Persistence, persistence, persistence. It really is about resilience and perseverance. Not only do you have to believe in your work, but you have to decide that you want an audience, and not only want to write for yourself, but decide that you need an audience. Also, think about having a publicist for small-press books. Once you have your book published with a small press, a publicist will help you get readings and interviews, find what contests to apply to, and what rewards you might be eligible for. It’s taking yourself seriously and doing the legwork to get yourself out there, and hiring someone who can help you. When it comes to agents, it’s almost impossible to get an agent as a poet unless you’re already well known. From what I’ve learned, a publicist will likely be the best thing. I do think it can make a difference and help a poet feel hopeful.
Who are your favorite poets that everyone should read?

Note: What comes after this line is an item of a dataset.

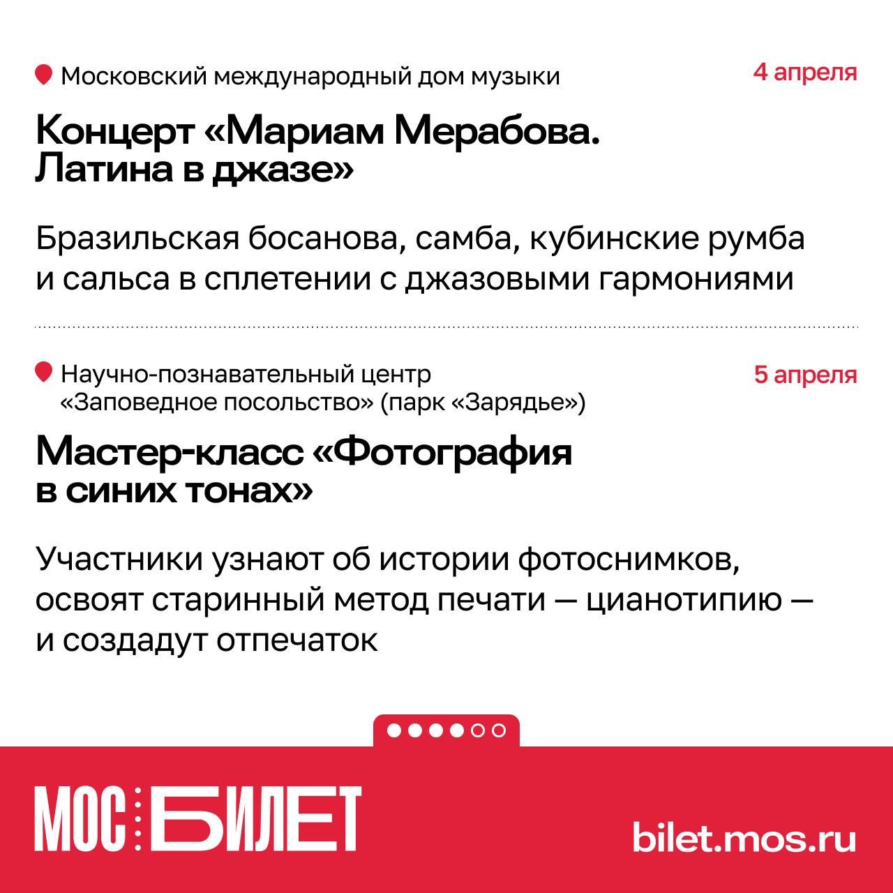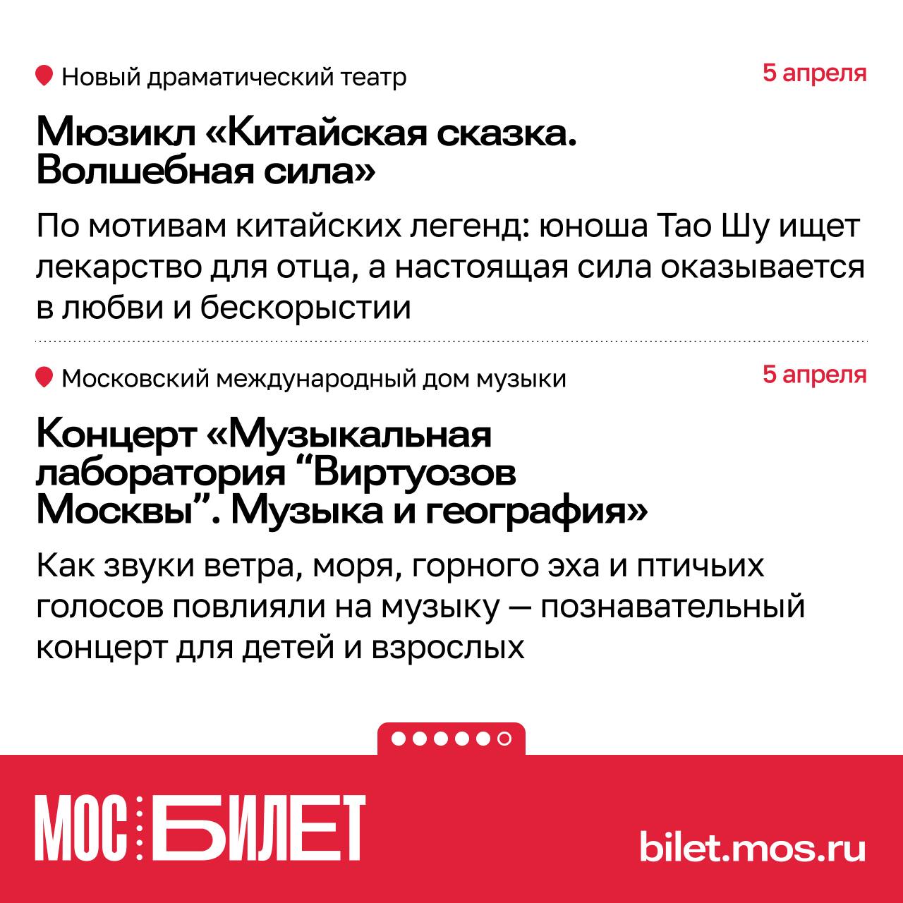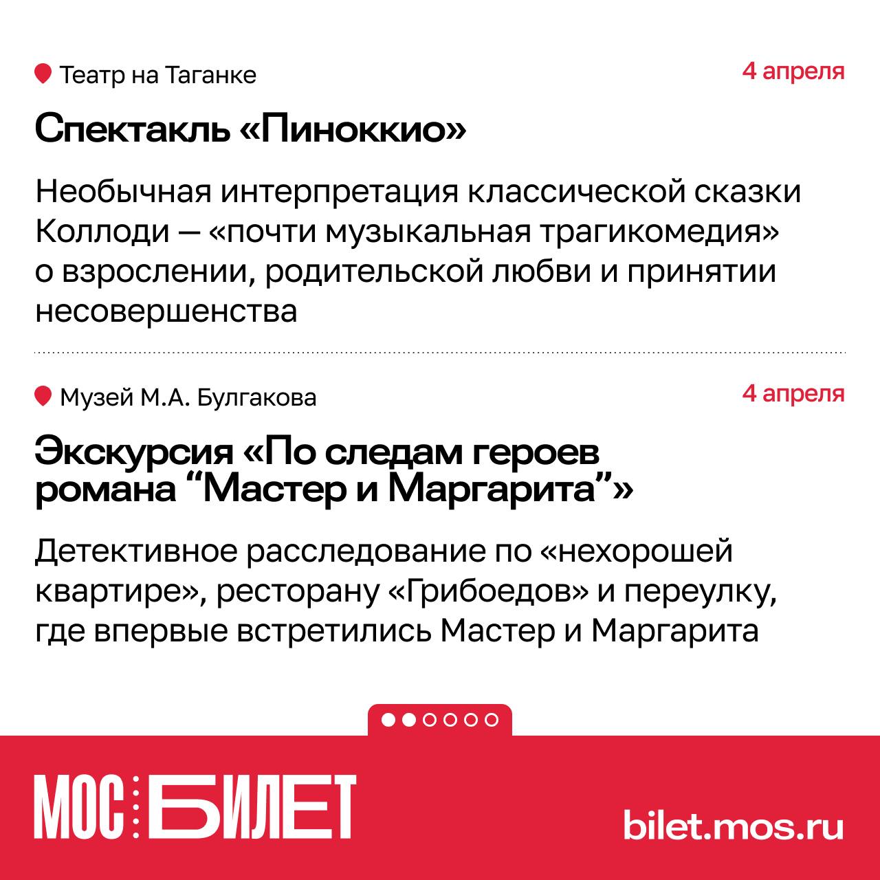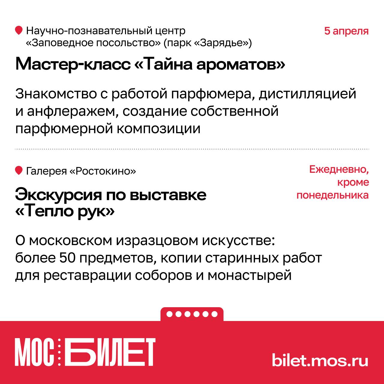 Сервис «Мосбилет» предлагает наполнить первые апрельские выходные яркими впечатлениями. В подборке — спектакли, экскурсии, концерты и мастер-классы на городских площадках.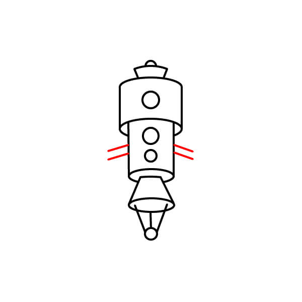 Dibuja una serie de pequeñas formas concéntricas y redondeadas que se extiendan desde la parte inferior del cuerpo y terminen en una pequeña línea curva para representar un propulsor o la tobera del motor.

Right now, I’m reading work by Poet Laureate Ada Limón and Husbandry by Matthew Dickman. The poets that influenced me the most and certainly helped me feel like my life and the lives of women mattered are Adrienne Rich, Carolyn Forché, Anne Sexton, and Sylvia Plath. Ilya Kaminsky as well … and Edward Hirsch is very important to me. I love his poems about the Jewish experience and his books on how to read poems, as well as his glossary.
One Response
Attention to mental health is again on the rise and Ms. Schneberg’s book provides the reader with a broad historical arc as well as zeroing in on a wide span of diversity, including fascinating (and dark) individual cases. Thank you!